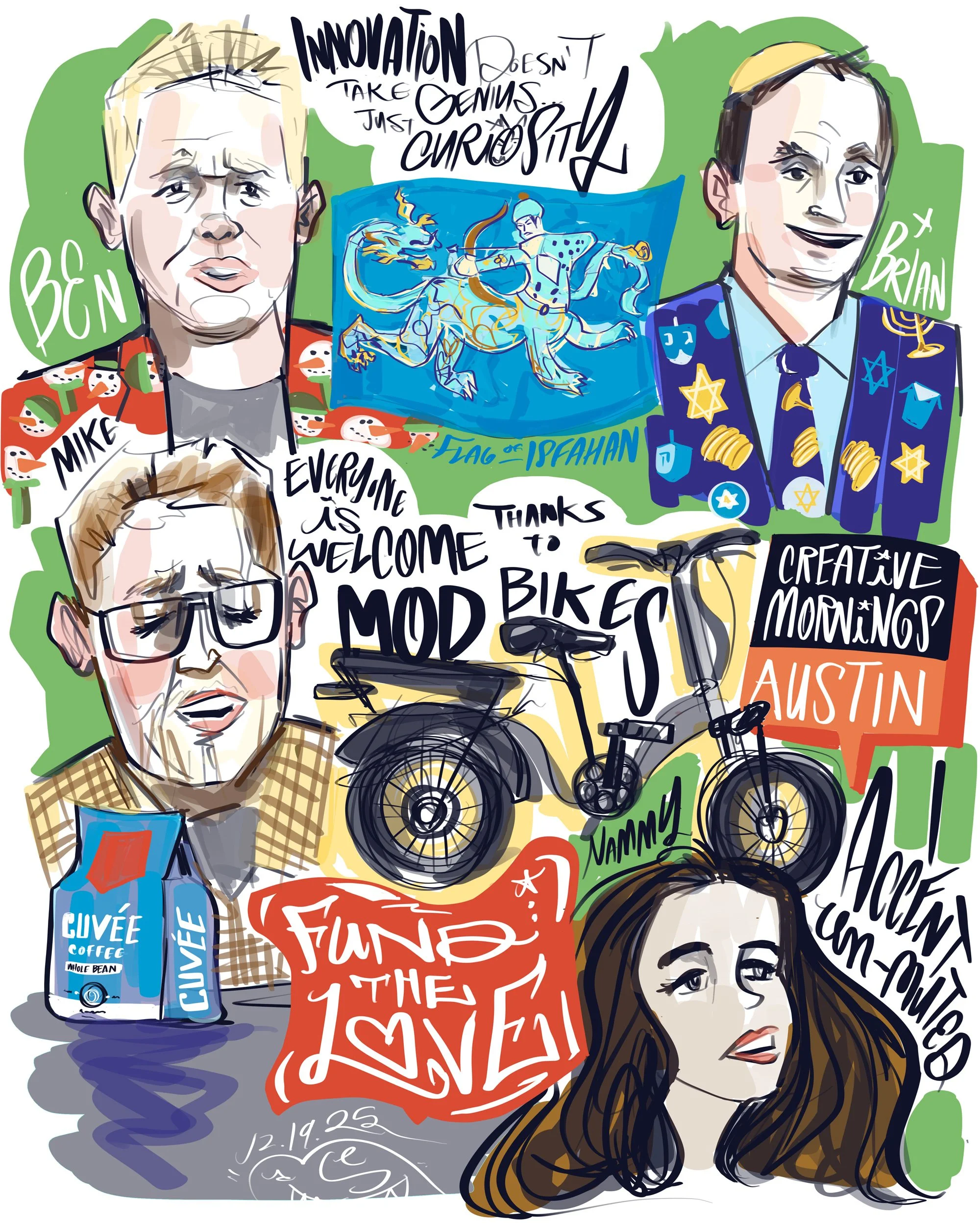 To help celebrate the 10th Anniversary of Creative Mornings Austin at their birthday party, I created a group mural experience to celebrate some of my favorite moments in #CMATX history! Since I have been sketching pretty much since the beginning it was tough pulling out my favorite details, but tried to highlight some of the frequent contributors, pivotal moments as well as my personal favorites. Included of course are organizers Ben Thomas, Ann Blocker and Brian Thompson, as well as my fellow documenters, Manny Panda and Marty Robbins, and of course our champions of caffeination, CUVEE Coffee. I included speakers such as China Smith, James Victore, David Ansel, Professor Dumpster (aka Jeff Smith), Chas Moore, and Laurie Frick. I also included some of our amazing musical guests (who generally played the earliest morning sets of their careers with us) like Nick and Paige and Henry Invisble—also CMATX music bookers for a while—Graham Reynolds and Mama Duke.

---

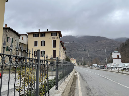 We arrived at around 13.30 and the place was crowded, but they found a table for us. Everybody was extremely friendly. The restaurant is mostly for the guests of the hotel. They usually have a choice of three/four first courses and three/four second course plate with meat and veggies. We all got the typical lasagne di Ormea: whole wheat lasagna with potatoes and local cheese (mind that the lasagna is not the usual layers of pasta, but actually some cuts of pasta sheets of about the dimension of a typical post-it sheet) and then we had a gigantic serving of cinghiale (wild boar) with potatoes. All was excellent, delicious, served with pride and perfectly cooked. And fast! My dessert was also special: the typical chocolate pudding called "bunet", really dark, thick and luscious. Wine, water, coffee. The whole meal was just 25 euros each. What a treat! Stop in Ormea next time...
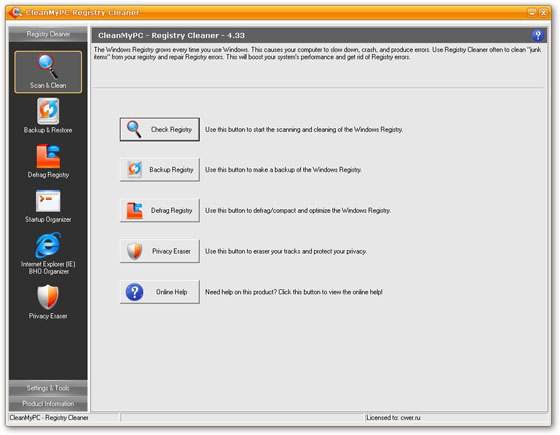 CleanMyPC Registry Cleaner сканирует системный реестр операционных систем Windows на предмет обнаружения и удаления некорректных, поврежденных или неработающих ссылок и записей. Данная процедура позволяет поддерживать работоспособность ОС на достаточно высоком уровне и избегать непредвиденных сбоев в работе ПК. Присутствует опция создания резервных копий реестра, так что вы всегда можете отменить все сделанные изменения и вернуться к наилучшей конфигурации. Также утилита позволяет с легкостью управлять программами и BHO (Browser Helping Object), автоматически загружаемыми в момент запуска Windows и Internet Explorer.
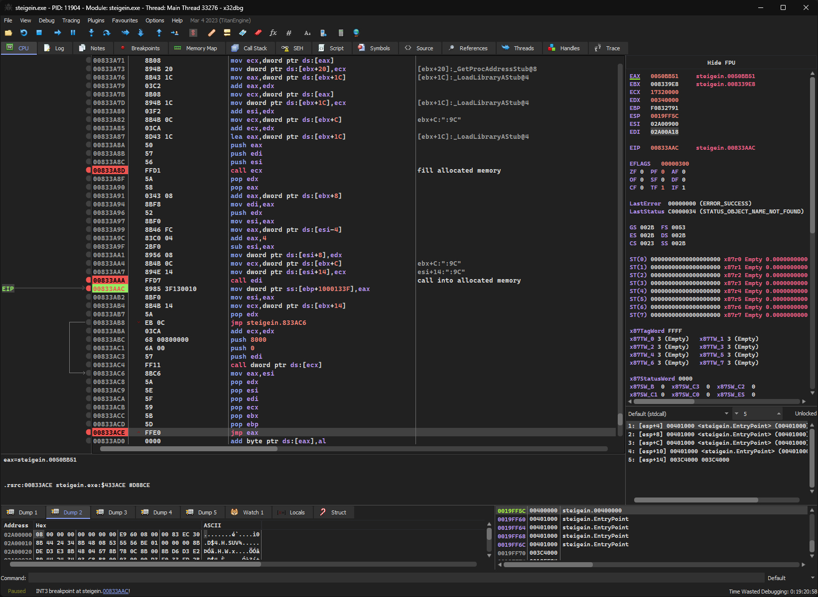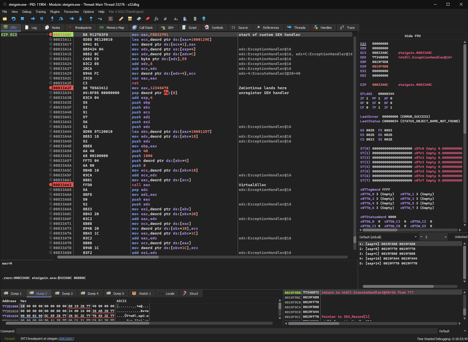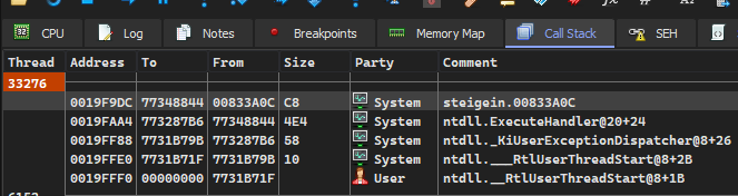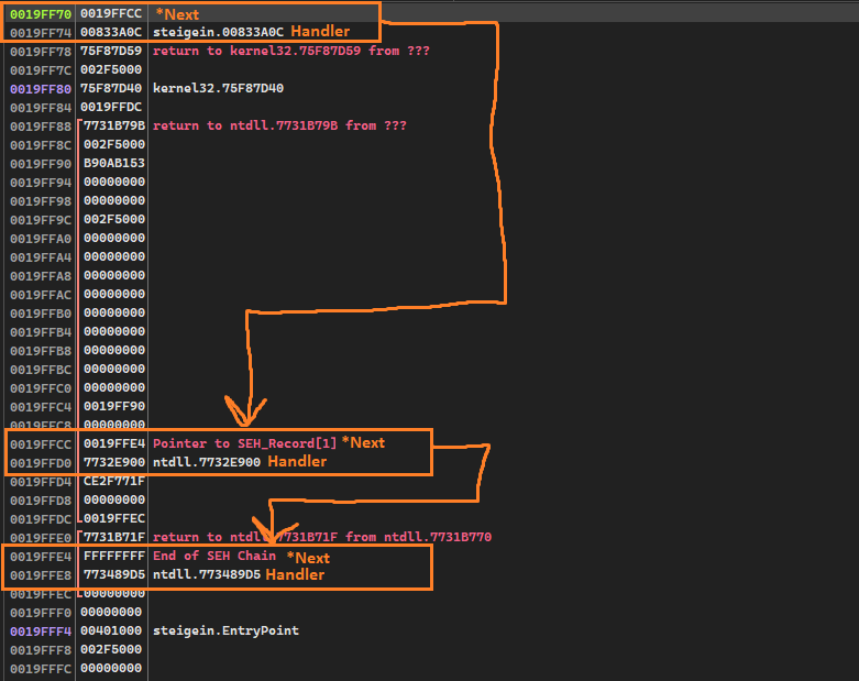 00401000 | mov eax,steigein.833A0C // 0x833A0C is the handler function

---

Problem details ▸
In the listing above, find the line containing "CleanMyPC Registry Cleaner" and the line containing "00401000 | mov". Print those two lines and every line between them exactly, with no pictures.

Answer to this task ▸
 CleanMyPC Registry Cleaner сканирует системный реестр операционных систем Windows на предмет обнаружения и удаления некорректных, поврежденных или неработающих ссылок и записей. Данная процедура позволяет поддерживать работоспособность ОС на достаточно высоком уровне и избегать непредвиденных сбоев в работе ПК. Присутствует опция создания резервных копий реестра, так что вы всегда можете отменить все сделанные изменения и вернуться к наилучшей конфигурации. Также утилита позволяет с легкостью управлять программами и BHO (Browser Helping Object), автоматически загружаемыми в момент запуска Windows и Internet Explorer.
 00401000 | mov eax,steigein.833A0C // 0x833A0C is the handler function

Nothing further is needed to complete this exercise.